The following proposition is stated in defendant's brief and relied on for a reversal:

"If plaintiff's property was damaged by a number of fires combining, one . . . being the fire pleaded . . . the others being of no responsible origin, but of such sufficient or such superior force that they would have produced the damage to plaintiff's property regardless of the fire pleaded, then defendant was not liable."

This proposition is based upon Cook v. Minneapolis, St. P. & S.S.M. Ry. Co. 98 Wis. 624, . . . In Farrell v. Minneapolis & R.R. Ry. Co. 121 Minn. 357, . . . this court considered the Cook case, but refrained from expressing approval or disapproval of its doctrine. The supreme court of Michigan has referred to it as good law. . . . The supreme court of Idaho says the opinion is logical and well reasoned, but the discussion is in a large measure theoretical and academic. . . . Judge Thompson in his work on Negligence, Vol. 1, § 739, says that the conclusion reached is so clearly wrong as not to deserve discussion.
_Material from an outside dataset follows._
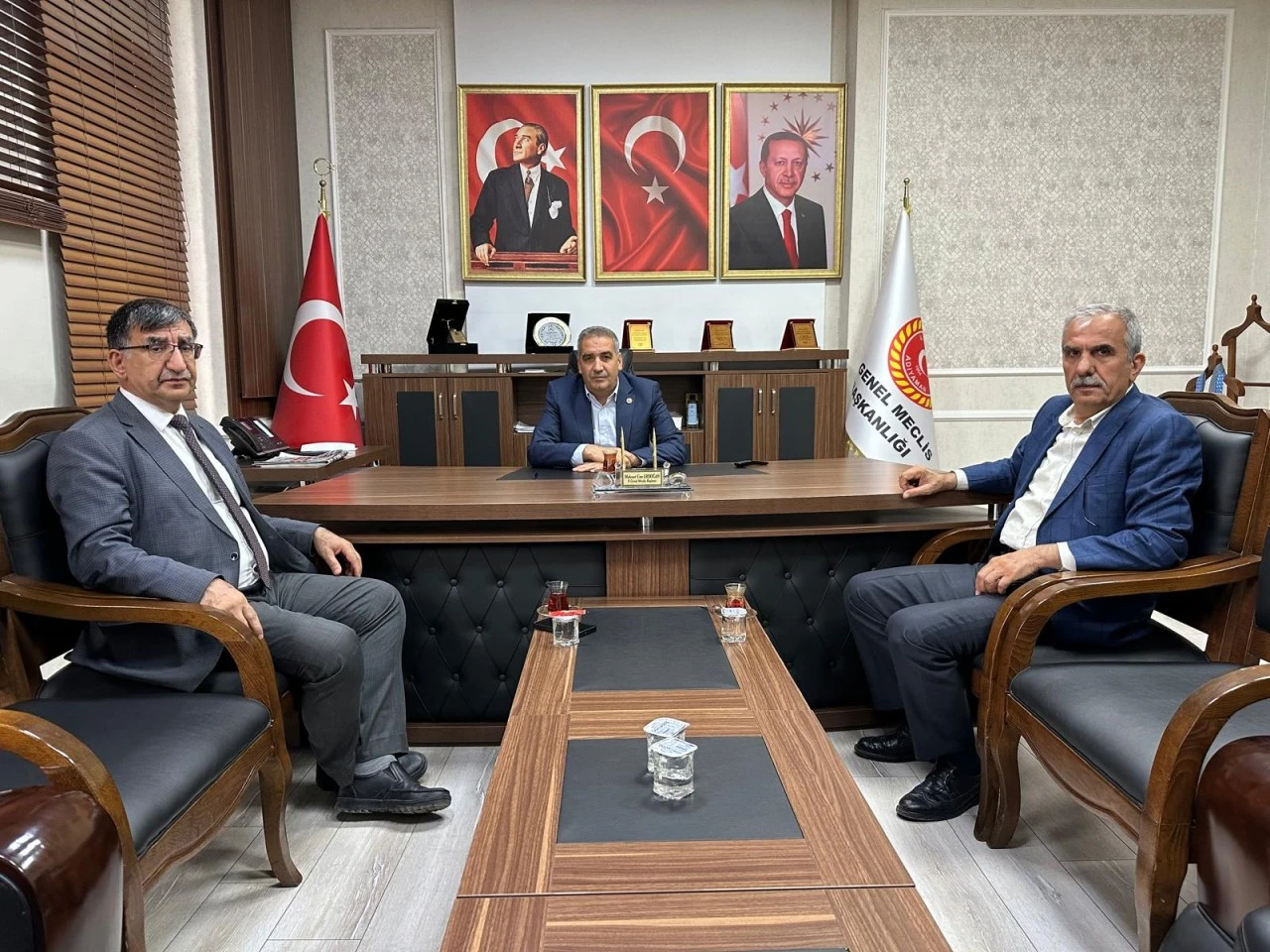 Halk Sağlığı Hizmetleri Başkanı Dr.Hacı Mustafa Kutlu ve Sıtma Savaşı Birim Sorumlusu Mehmet Acar, Adıyaman İl Genel Meclis Başkanı Mehmet Can Erdoğan ile bir araya gelerek; kırsal alanlara yönelik yürütülmekte olan kara sinek ve sivri sinek ile mücadele çalışmalarını masaya yatırdılar.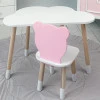 Дитячий білий стіл хмарка і стільчик ведмедик дитячий рожевий. Дитячий столик білосніжний.

If the Cook case merely decides that one who negligently sets a fire is not liable if another's property is damaged, unless it is made to appear that the fire was a material element in the destruction of the property, there can be no question about the soundness of the decision. But if it decides that if such fire combines with another of no responsible origin, and after the union of the two fires they destroy the property, and either fire independently of the other would have destroyed it, then, irrespective of whether the first fire was or was not a material factor in the destruction of the property, there is no liability, we are not prepared to adopt the doctrine as the law of this state. If a fire set by the engine of one railroad company unites with a fire set by the engine of another company, there is joint and several liability, even though either fire would have destroyed plaintiff's property. But if the doctrine of the Cook case is applied and one of the fires is of unknown origin, there is no liability. G.S. 1913, § 4426, leaves no room for the application of a rule which would relieve a railroad company from liability under such circumstances. Moreover the reasoning of the court in McClellan v. St. Paul, M. & M. Ry. Co. 58 Minn. 104, 59 N.W. 978, leads to the conclusion that, regardless of the statute, there would be liability in such a case. We, therefore, hold that the trial court did not err in refusing to instruct the jury in accordance with the rule laid down in the Cook case.

[. . .]

We find no error requiring a reversal, and hence the order appealed from is affirmed.